Source data
>>>

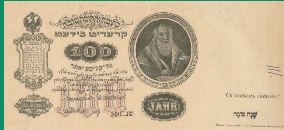
Naujametis sveikinimo lapelis, vaizduojantis 100 rublių kredito bilieta, su Vilniaus Gaono atvaizdu. Vilnius, 1907 m.

Į Vilnių Elijas grįžo tik 1745-aisiais, po penkerius metus trukusių klajonių. Likusią gyvenimo dalį Vilniaus Gaonas gyveno ir kūrė Vilniuje. Išminčius buvo labai reiklus sau, gyveno atsidėdamas vien darbui – šventų raštų studijoms, jo butis buvo asketiška. Dėl savo tikslo Gaonas buvo visiškai nutolęs nuo šeimos reikalų, todėl net jo laiškas su nurodymais šeimai (išlikęs iki mūsų dienų) atrodė tarsi mokslinis moralės dėsnių traktatas ir filosofijos kanonas. Kartu Vilniaus Gaonas buvo žinomas kaip teisuolis bei jautrus vargšams humanistas.
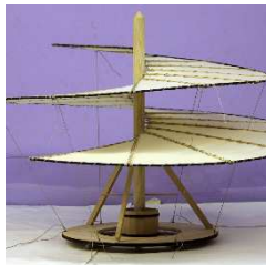
La vis aérienne (Maquette Artes Mechanicae)
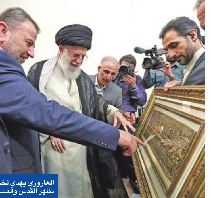
العاروري يهدي لخامنئي لوحة تظهر القدس والمسجد الأقصى

وأبلغ المرشد الإيراني الوفد الفلسطيني بأن "قضية فلسطين تمثل القضية الأولى والأهم في العالم الإسلامي وسوف تنتهي حتماً لصالح الشعب الفلسطيني والعالم الإسلامي جميعاً
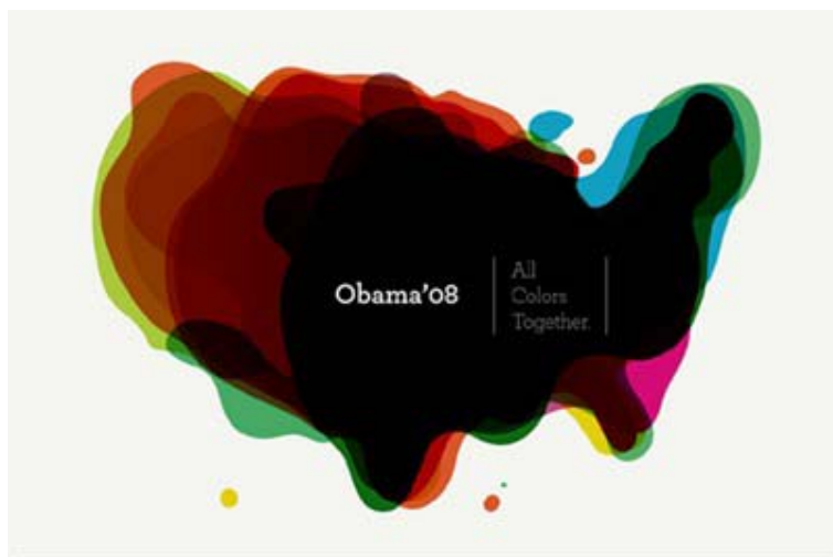
Afiche de Dmolin

Se puede encontrar ese y otros afiches en:
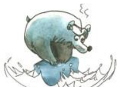
Les ours polaires

Le nombre de jeux disponibles sur votre site a considérablement augmenté. Quelque soit le public visé vous devriez pouvoir trouver de quoi animer une séance d'une façon ludique.
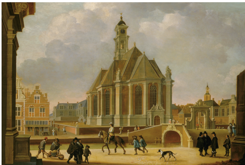
Gezicht op de Nieuwe Kerk, geschilderd door Barthold van Bassen.

De Nieuwe Kerk werd als 'centraalbouw' ontworpen, een vorm die in die tijd, en ook later nog wel, bij uitstek geschikt werd gevonden voor een protestantse kerk. De kansel staat daar in het midden, en alle gelovigen stonden of zaten er in een wijde kring om heen, om toch geen woord van de preek te hoeven missen. De bouw werd nodig geacht, omdat Den Haag in die jaren groeide, evenals de belangstelling voor het protestantisme. Overigens wordt de mythe weer eens doorgeprikt dat na de Tachtigjarige Oorlog de hele Republiek, van hoog tot laag,
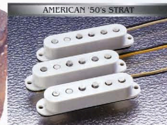
COLOR : 2T

BODY : LIGHT WEIGHT ASH NECK : MAPLE V TYPE, 324SCALE FRETBOARD : MAPLE ONE PIECE, 184R, 21F PICKUPS : AMERICAN '50s (U.S.A.) × 3 CONTROLS & SWITCH : 1VOL, 2TONE, 5WAY SW BRIDGE : STEEL BLOCK S8F VINTAGE COLOR : 2T, BLK
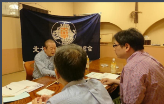
2019年度総会・懇親会
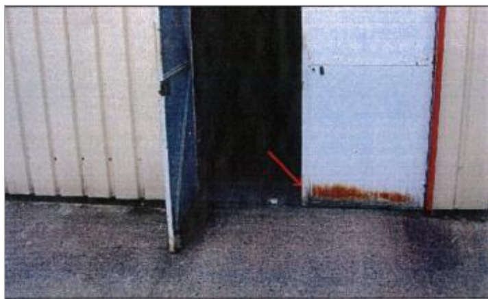
5 Rue des Peupliers
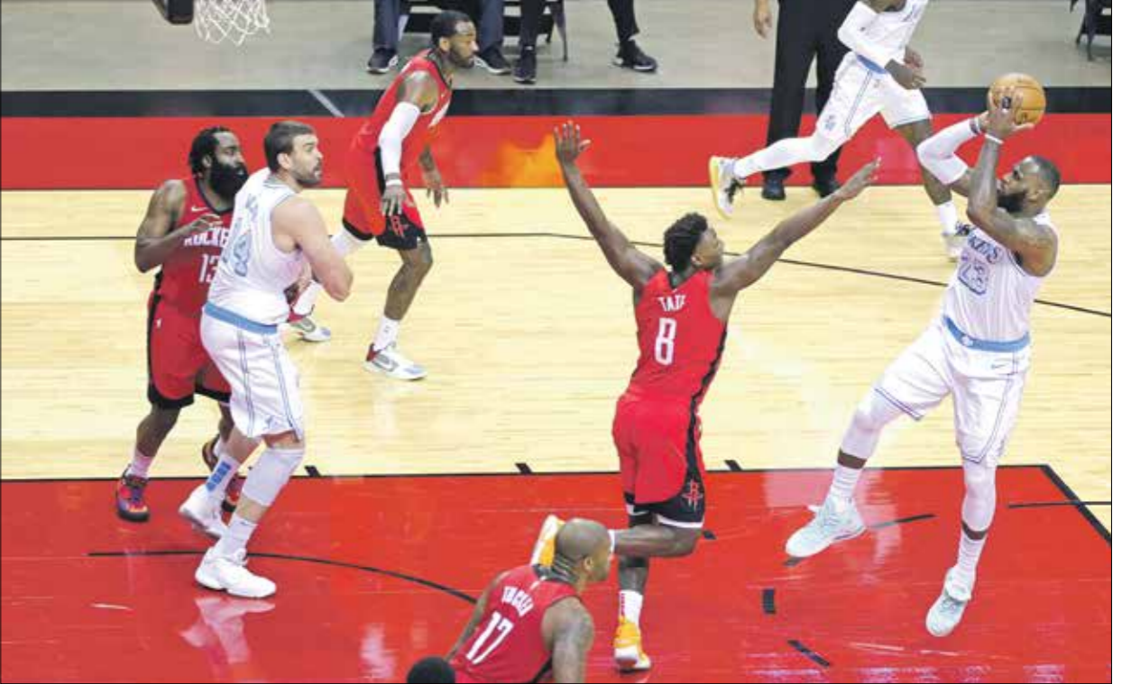
لايكرز يتابع عروضه القوية في السلة الأميركية (Getty)

تابع عروضه القوية في السلة الأميركية (Getty)
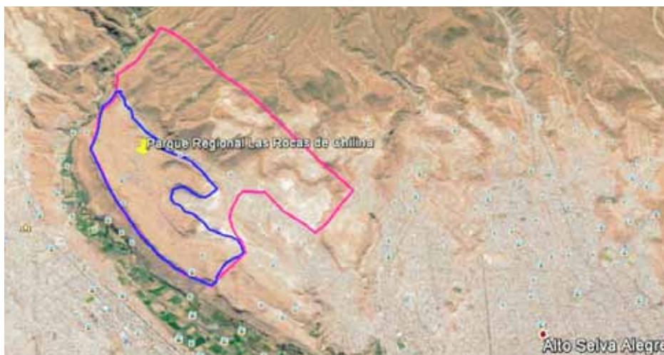
Ilustración 4. Delimitación del parque Las Rocas de Chilina en el distrito Alto Selva Alegre a partir del mapa de Google Earth.

A continuación se puede observar un mapa del distrito Alto Selva Alegre donde se aprecia el parque Las Rocas de Chilina, en la línea fucsia se encuentra el área de 510 ha que ocupaba el parque en 2004; mientras que, en la línea azul, se observan las 225 ha que ocupa el área del parque en la actualidad, según lo dispuesto por la Superintendencia Nacional de Bienes Estatales (SNB) en 2014.
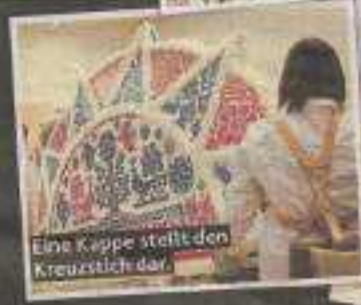
Eine Kappe stellt den Kreuzstich dar.
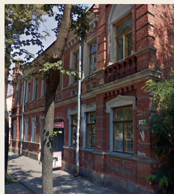
Cietokšņa iela 20

Pilsētas centrālā Rīgas iela vienmēr ir bijusi iepirkšanās vieta, šeit, Rīgas ielā 42, (4) iepretim baznīcai atradās brāļu Paulu tapešu veikals-noliktava. Brāļi dzīvoja citā vietā, kas tam laikam bija neparasti, tādējādi var uzskatīt, ka veikals bija pietiekami liels un, iespējams, aizņēma 2 stāvus.
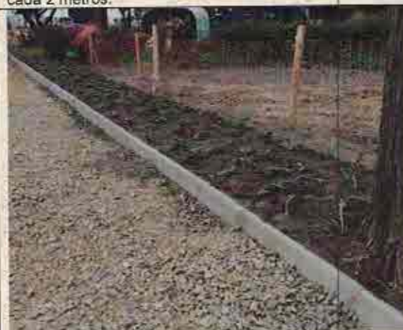
Foto N° 3: 23 de octubre de 2018. Área C, Block 130: Solerilla continua sin espaciamento cada 2 metros.
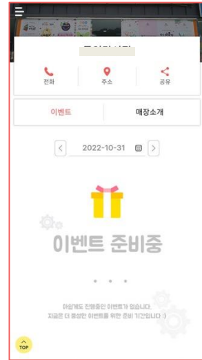
▲ 이벤트모듈이 추가된 모습
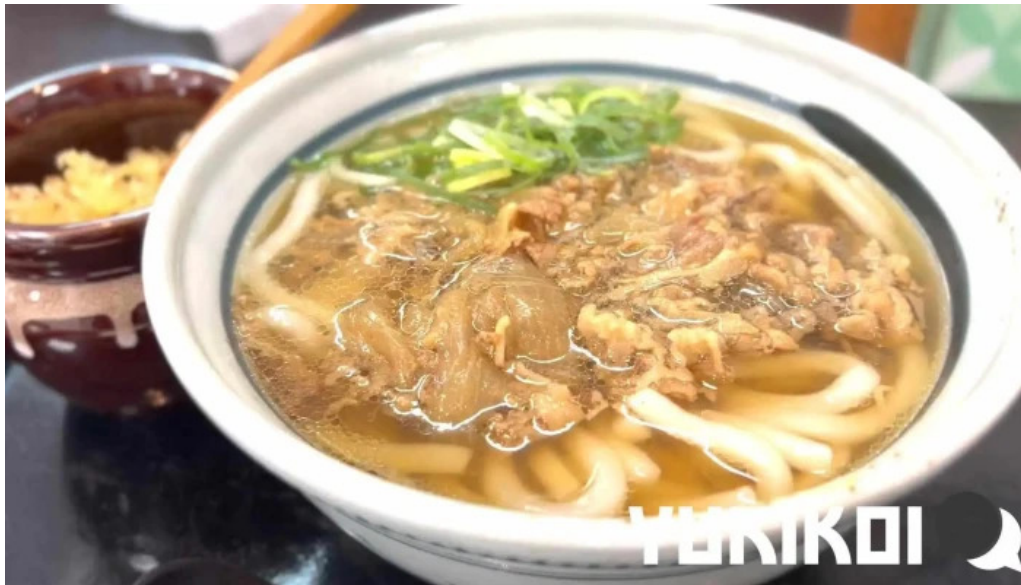
枚方市 うどんそば たなかや うどん
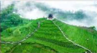
ไร้ชาอู่เจียโต
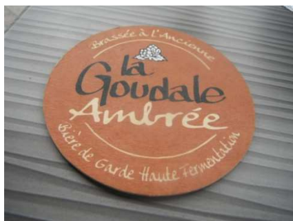
4 Bière blonde, ambrée, ou dorée, 7,2° La Goulade ... un délice !
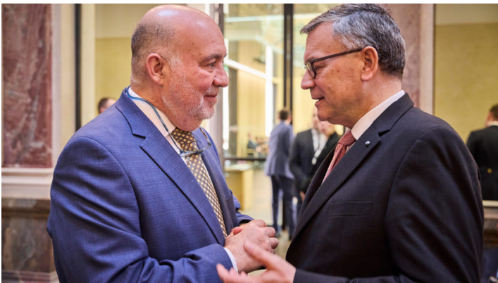
Sitzung des Bundesrates am 6. März 2026

Ministerpräsident Dr. Markus Söder: „Wir sagen hohen Spritpreisen den Kampf an“
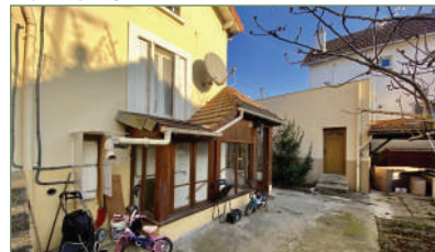
STAINS. Beau pavillon situé dans le secteur recherché de l'AVENIR. Pavillon divisé en plusieurs lots. Garage. Le tout sur une parcelle de 245m 2 . - 279 000 €
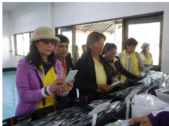
เยี่ยมชมการผลิตชาอินทรีย์ ชิมชา พร้อมทั้งเลือกซื้อผลิตภัณฑ์ชาชนิดต่างๆ
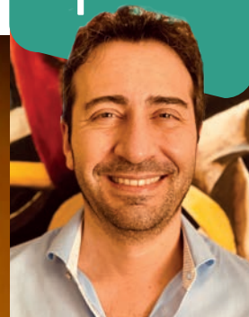
MATTEO TURCONI SORMANI Assessore al Territorio e Lavori Pubblici

L a Giubiana, con il suo suggestivo rogo, insieme al falò di Sant'Antonio, rappresenta uno degli esempi più vivi e significativi di patrimonio culturale immateriale della Brianza, radicato in antiche tradizioni popolari che affondano le origini nel nostro passato contadino e comunitario.
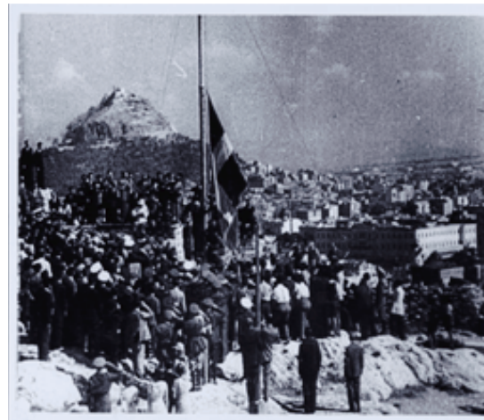
12-10-1944 Ο Πρωθυπουργός της απελευθέρωσης Γ. Παπανδρέου υψώνει την Ελληνική Σημαία στον ιερό βράχο της Ακρόπολης.
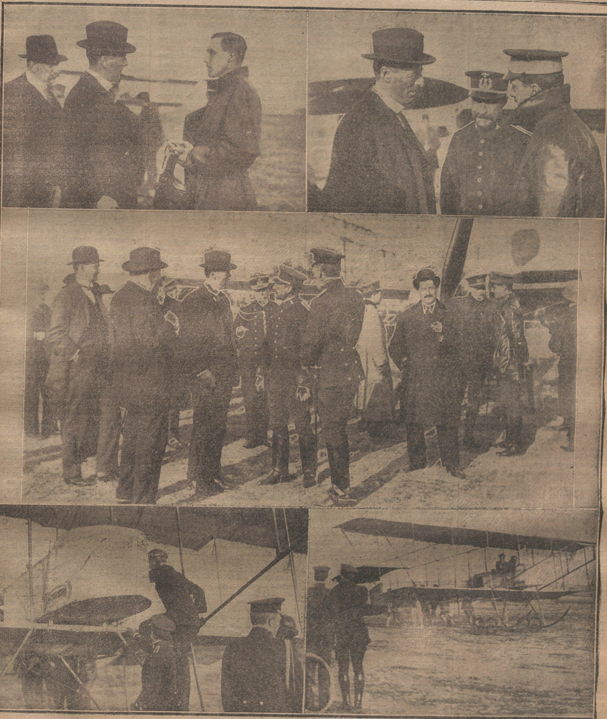
El ministro Secly hablando con el aviador, Infante D. Alfonso. El ministro inglés con el coronel Vives y el capitán Bayo. El ministro inglés al llegar al aeródromo de Cuatro Vientos. Entre los concurrentes se ve a nuestro director, Sr. Cánovas Gervantes, que acudió ayer a Cuatro Vientos. Mr. Secly, ayudado á montar en el aeroplano por el coronel Vives. El ministro Secly, al remontarse el aeroplano que lo elevó sobre Madrid.
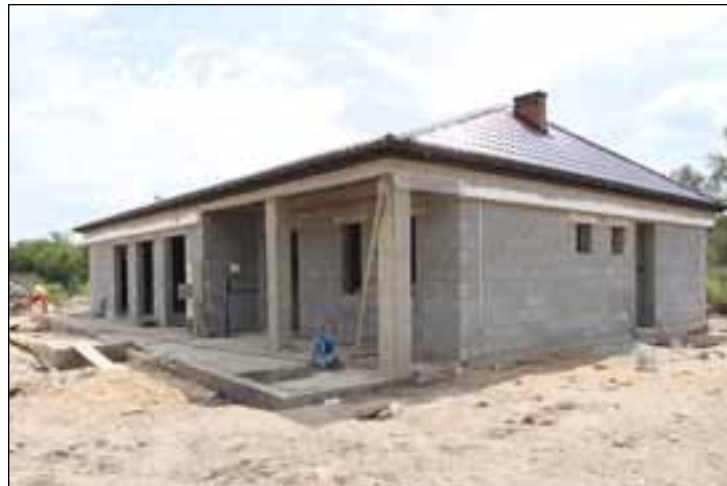
Trwają prace przy budowie placówki kultury w Kozłowcu
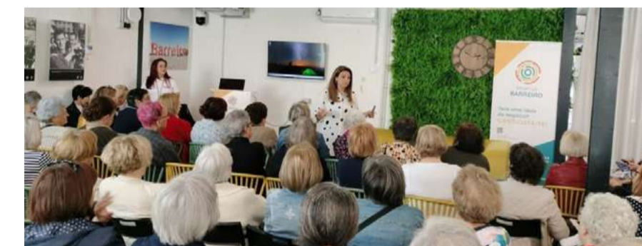
Projeto “Abraça a cidade”

Até ao momento, foram sinalizados 60 casos, com 46 acompanhamentos ativos, abrangendo principalmente pessoas a viver sozinhas. A maioria enfrenta não apenas o isolamento social, mas também dificuldades financeiras e falta de rede de apoio. O acompanhamento é feito através de contactos presenciais, telefónicos e digitais, permitindo uma resposta mais eficaz e próxima. Com esta abordagem, o projeto procura melhorar a qualidade de vida dos participantes, reforçar a inclusão social no concelho e incentivar uma maior participação da comunidade nas dinâmicas locais.
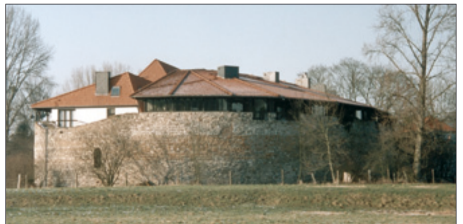
Die Burg (Kellnerie) in Angermund, eines der vom Institut für Denkmalschutz und Denkmalpflege betreuten Objekte im Düsseldorfer Norden.

<<<

- PROBLEM DETAILS -
Return exactly the lines that appear in the data above between the line containing "Foto N° 3: 23" and the line containing "MATTEO TURCONI SORMANI", both of which are included, and leave the pictures out.

- SOLUTION FOR THIS TASK -
Foto N° 3: 23 de octubre de 2018. Área C, Block 130: Solerilla continua sin espaciamento cada 2 metros.
▲ 이벤트모듈이 추가된 모습
枚方市 うどんそば たなかや うどん
ไร้ชาอู่เจียโต
4 Bière blonde, ambrée, ou dorée, 7,2° La Goulade ... un délice !
Sitzung des Bundesrates am 6. März 2026

Ministerpräsident Dr. Markus Söder: „Wir sagen hohen Spritpreisen den Kampf an“
STAINS. Beau pavillon situé dans le secteur recherché de l'AVENIR. Pavillon divisé en plusieurs lots. Garage. Le tout sur une parcelle de 245m 2 . - 279 000 €
เยี่ยมชมการผลิตชาอินทรีย์ ชิมชา พร้อมทั้งเลือกซื้อผลิตภัณฑ์ชาชนิดต่างๆ
MATTEO TURCONI SORMANI Assessore al Territorio e Lavori Pubblici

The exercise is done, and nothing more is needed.